HPeak: an HMM-based algorithm for defining read-enriched regions in ChIP-Seq data
1 Center for Statistical Genetics, Department of Biostatistics, School of Public Health, University of Michigan, 1415 Washington Heights, Ann Arbor, MI 48109-2029, USA
2 Center for Computational Medicine and Bioinformatics, University of Michigan Medical School, 100 Washtenaw Avenue, Ann Arbor, MI 48109-2218, USA
3 Michigan Center for Translational Pathology, University of Michigan Medical School, 1400 E. Medical Center Drive, Ann Arbor, MI 48109-0940, USA
4 Department of Pathology, University of Michigan Medical School, 1301 Catherine, Ann Arbor, Michigan 48109-0602, USA
5 Division of Hematology/Oncology, Robert H. Lurie Comprehensive Cancer Center, Northwestern University, 676 North St.

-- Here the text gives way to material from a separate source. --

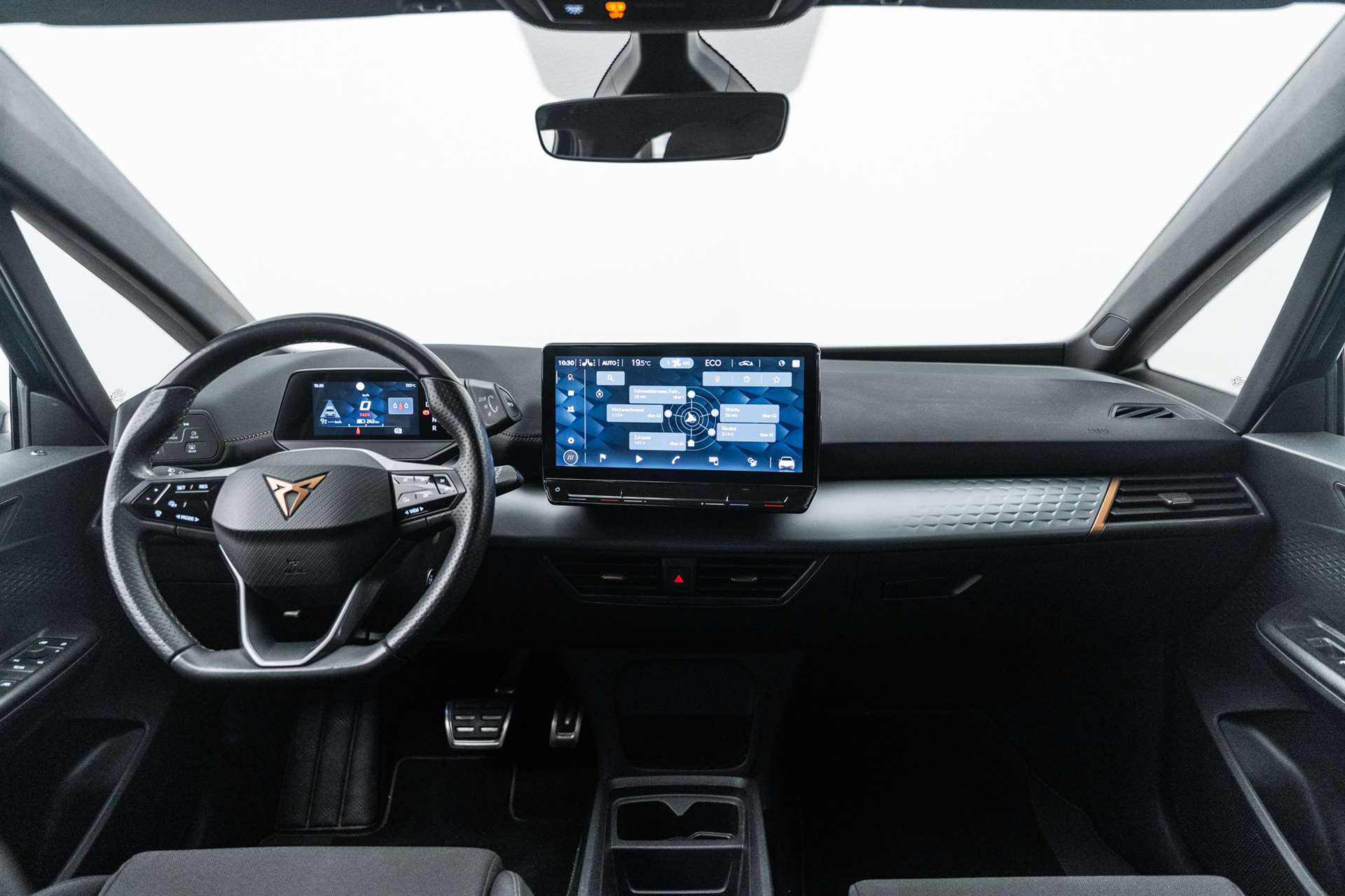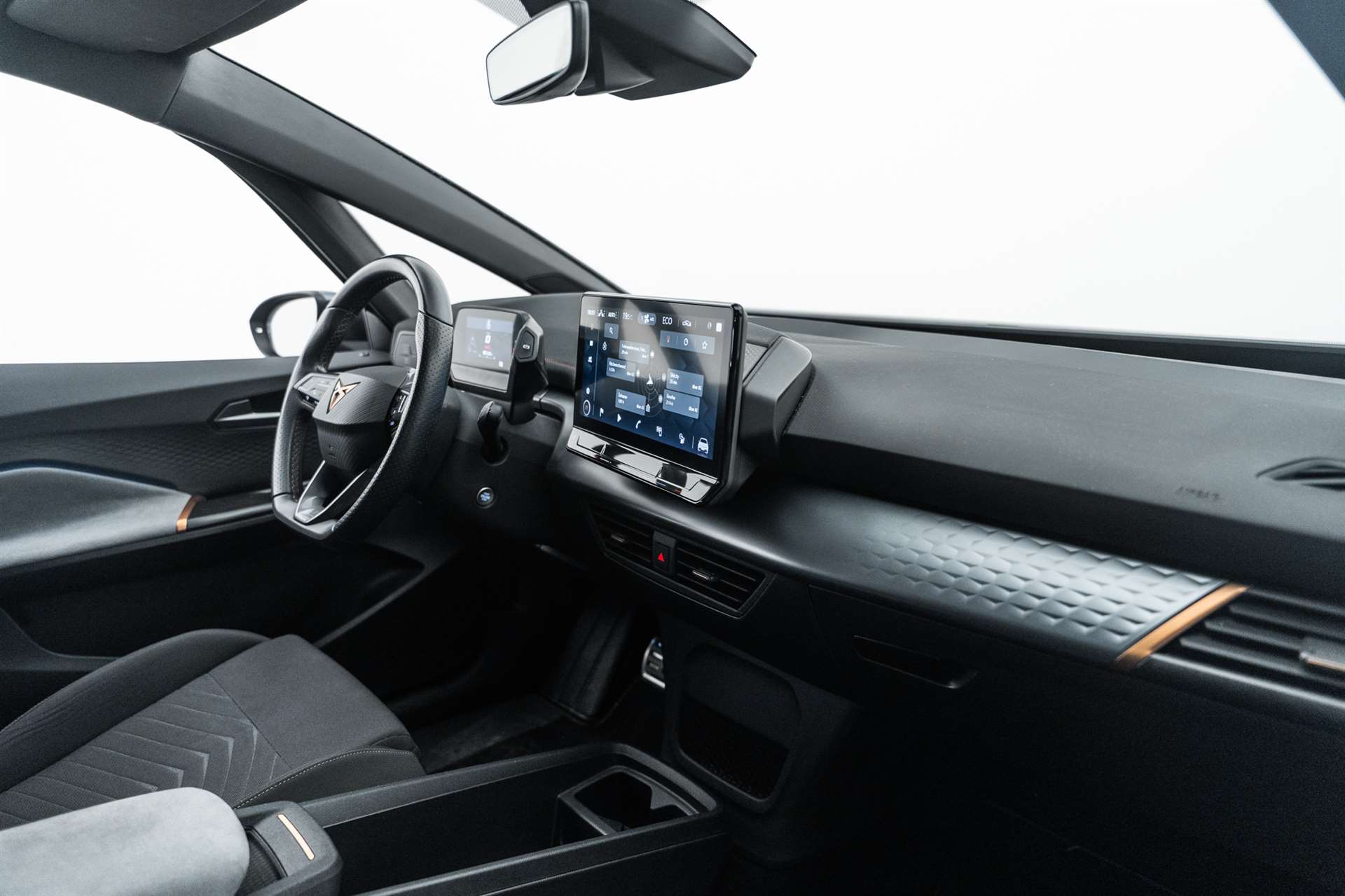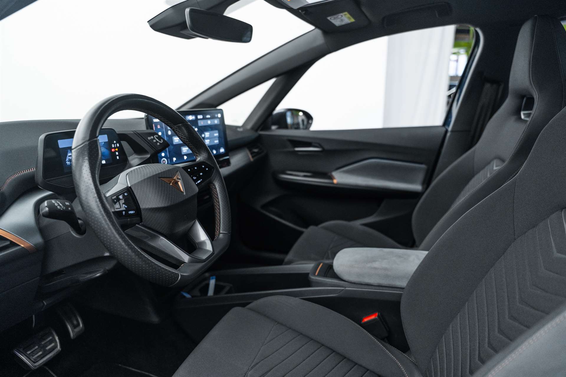 3-Punkt-Sicherheitsgurte auf allen Plätzen, Abgedunkelte Scheiben ab B-Säule hinten, ABS, EBV elektronische Bremskraft-verteilung, Airbag: Airbag Beifahrer deaktivierbar, Airbag: Airbag Fahrer und Beifahrer, Airbag: Seitenairbag für Fahrer und Beifahrer, Airbag: Window-Kopfairbags, Airbag: Zentral Airbag, Ambiente Innenraumbeleuchtung "Multicolor" mit 6 Farben, Assist: Automatische Distanzregelung ACC, Assist: City Notbremsfunktion, Assist: eCall Notruffunktion, Assist: Elektronische Parkbremse mit Auto Hold Funktion, Assist: Fernlichtassistent, Assist: Lane assist (Spurhalteassistent), Assist: Rückfahrkamera, Assist: Tiredness detection (Müdigkeitserkennung), Assist: Traffic sign recognition (Verkehrszeichenerkennung), Aussenspiegel elektrisch einstell-, beheiz- und einklappbar, Beleuchtete Türgriffe, Elektrische Fensterheber vorne und hinten mit Komfortschaltung und Einklemmschutz, ESC mit EBA, DSR und Reifendruckkontrolle, Fahrwerk: CUPRA Sportfahrwerk, Fahrwerk: Progressivlenkung, Full Digital Cockpit, Garantie: Cupra 12 Jahre Gewährleistung gegen Karosserie-Durchrostung, Garantie: Cupra 3 Jahre Lack-Gewährleistung, Garantie: Cupra Garantie 2 Jahre ohne Kilometerbegrenzung, Garantie: Cupra Garantie Batterie- Gewährleistung 8 Jahre oder 160000 KM auf 70% Batterieleistung., Getriebe: 1-Gang Automatik, Heckscheiben-Wisch-/Waschanlage mit Intervall, Heckscheibenheizung, Innenspiegel automatisch abblendbar, Kindersitzverankerung ISOFIX (äussere Plätze hinten), Klima: 2-Zonen Climatronic, Lackierung: Uni-Lackierung, Ladekabel (Mode 2 und Mode 3), Lenkrad: Beheizbares Ledermultifunktionslenkrad, Licht- und Regensensor, Licht: Drittes Bremslicht, Licht: Full LED-Scheinwerfer für Abblend-und Fernlicht und Coming Home Funktion, Media: 12" Infotainment (MIB3), Media: CUPRA Connect für Navigationssystem, Media: CUPRA Connect Online, Media: CUPRA FullLink, Media: CUPRA Navigationssystem, Media: DAB+ (Digital Audio Broadcasting), Media: Mobiltelefon Freisprechanlage Bluetooth, Media: Wireless Charger zur induktiven Smartphone Ladung, Nebelschlussleuchte, Pollenfilter (Staubfilter), Pyrotechnische Gurtstraffer und Gurtkraftbegrenzer, Räder: Alufelgen 7.5J x 19", "TYPHOON" 31/2 ,Glossy Black / Copper, Scheibenwaschdüsen beheizt, Schlüsselloses Schliess- und Startsystem (KESSY), Servolenkung mit geschwindigkeitsabhängiger Lenkkraftunterstützung, Sicherheitsgurtkontrolle für alle Sitze, Sitze: CUPRA Sport Schalensitze in Textil, schwarz "SEAQUAL", Sitze: Sitzheizung für Vordersitze, getrennt regelbar, Sitze: Vordersitze höhenverstellbar, Vollverzinkte Karosserie, Wärmepumpe, Wärmepumpe, Wärmeschutzverglasung, Wegfahrsperre elektronisch, Zentralverriegelung "Keyless-Go"

Clair, Suite 1200, Chicago, IL 60611, USA
6 Comprehensive Cancer Center, University of Michigan Medical School, 1500 E. Medical Center Drive, Ann Arbor, MI 48109-0944, USA
7 Department of Urology, University of Michigan Medical School, 1500 E. Medical Center Drive, Ann Arbor, MI 48109-0330, USA
8 Howard Hughes Medical Institute, 4000 Jones Bridge Road, Chevy Chase, MD 20815-6789, USA
BMC Bioinformatics 2010, 11:369 doi:10.1186/1471-2105-11-369Published: 2 July 2010
Protein-DNA interaction constitutes a basic mechanism for the genetic regulation of target gene expression. Deciphering this mechanism has been a daunting task due to the difficulty in characterizing protein-bound DNA on a large scale. A powerful technique has recently emerged that couples chromatin immunoprecipitation (ChIP) with next-generation sequencing, (ChIP-Seq). This technique provides a direct survey of the cistrom of transcription factors and other chromatin-associated proteins. In order to realize the full potential of this technique, increasingly sophisticated statistical algorithms have been developed to analyze the massive amount of data generated by this method.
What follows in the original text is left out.